Bulldozers, mechanical diggers, CRS and policeman, the governmental armada destroyed the Calais "jungle", at dawn on Tuesday morning. What next? What will happen to the some 300 who were arrested, some of whom were released and are already on the way back.. to Calais?
Jean-Pierre Boutoille, spokesman for the organization C’Sur, which is helping the migrants of Calais, confirms that "since Tuesday night, some volunteers have received calls for help from migrants who had just been released after having been arrested that very morning". "Tomorrow, in a few days, people who think that happiness lies on the other side of the Channel will be back", Jacky Hénin, MEP and a former mayor of Calais assured us.

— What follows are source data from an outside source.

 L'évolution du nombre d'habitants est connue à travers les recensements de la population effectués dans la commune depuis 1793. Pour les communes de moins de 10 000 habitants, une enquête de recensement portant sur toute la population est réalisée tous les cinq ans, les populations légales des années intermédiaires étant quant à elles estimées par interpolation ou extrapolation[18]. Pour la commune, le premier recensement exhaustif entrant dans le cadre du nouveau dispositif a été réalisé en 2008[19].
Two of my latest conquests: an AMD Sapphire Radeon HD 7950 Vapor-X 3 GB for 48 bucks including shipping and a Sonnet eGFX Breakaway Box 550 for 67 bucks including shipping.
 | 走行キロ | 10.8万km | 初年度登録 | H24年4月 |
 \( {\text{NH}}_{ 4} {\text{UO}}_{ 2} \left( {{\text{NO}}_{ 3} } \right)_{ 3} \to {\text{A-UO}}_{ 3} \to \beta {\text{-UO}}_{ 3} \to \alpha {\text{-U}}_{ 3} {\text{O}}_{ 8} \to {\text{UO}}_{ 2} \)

The others, the 130 adult migrants arrested at Calais who remain in custody were to be transferred yesterday to detention centres in the South of France, where "they will be distributed according to the availability of places for them", announced the Pas-de-Calais prefecture.
Late yesterday afternoon, around thirty activists were ready and waiting for the "bus" transporting 40 migrants to the administrative detention centre [1] in Nîmes. Others were expected to arrive at Toulouse, Lyons, Marseilles and Nancy, and were to appear before a magistrate [2] in the next 48 hours.

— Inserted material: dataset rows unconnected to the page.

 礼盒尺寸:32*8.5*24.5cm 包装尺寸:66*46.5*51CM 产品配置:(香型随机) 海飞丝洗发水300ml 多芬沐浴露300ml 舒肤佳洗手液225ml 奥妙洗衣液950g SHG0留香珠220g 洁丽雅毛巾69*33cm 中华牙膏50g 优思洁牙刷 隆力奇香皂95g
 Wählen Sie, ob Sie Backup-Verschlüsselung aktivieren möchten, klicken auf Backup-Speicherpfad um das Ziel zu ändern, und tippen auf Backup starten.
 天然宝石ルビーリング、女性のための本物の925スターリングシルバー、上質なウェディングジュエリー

Moreover, out of the 135 minors arrested at Calais, some 60 of them will be brought to an overnight shelter in Vitry-sur-Orne, in Moselle. According the town’s mayor, Luc Corradi (Socialist Party), "they have been placed in a former Sonocotra centre which was turned into a shelter for asylum seekers in 2003." Although the prefecture hasn’t confirmed it, Francine Messina, an assistant at the Social Affairs Department of Vitry-Sur-Orne, is in little doubt. "Three buses arrived at about 5 o’clock on (Tuesday) afternoon escorted by police," she explained. She added that "around sixty adolescents, probably from Afghanistan, were among them."
At Nancy, where a certain number of minors from Calais had been placed on Tuesday night, "some of them have already escaped", explains Jean-Pierre Boutoille, and he adds, "they are already heading north, some of them will no doubt end up in Paris."
Angry and disillusioned, the volunteer worker concludes that "Besson’s show for the media is ridiculous and pathetic."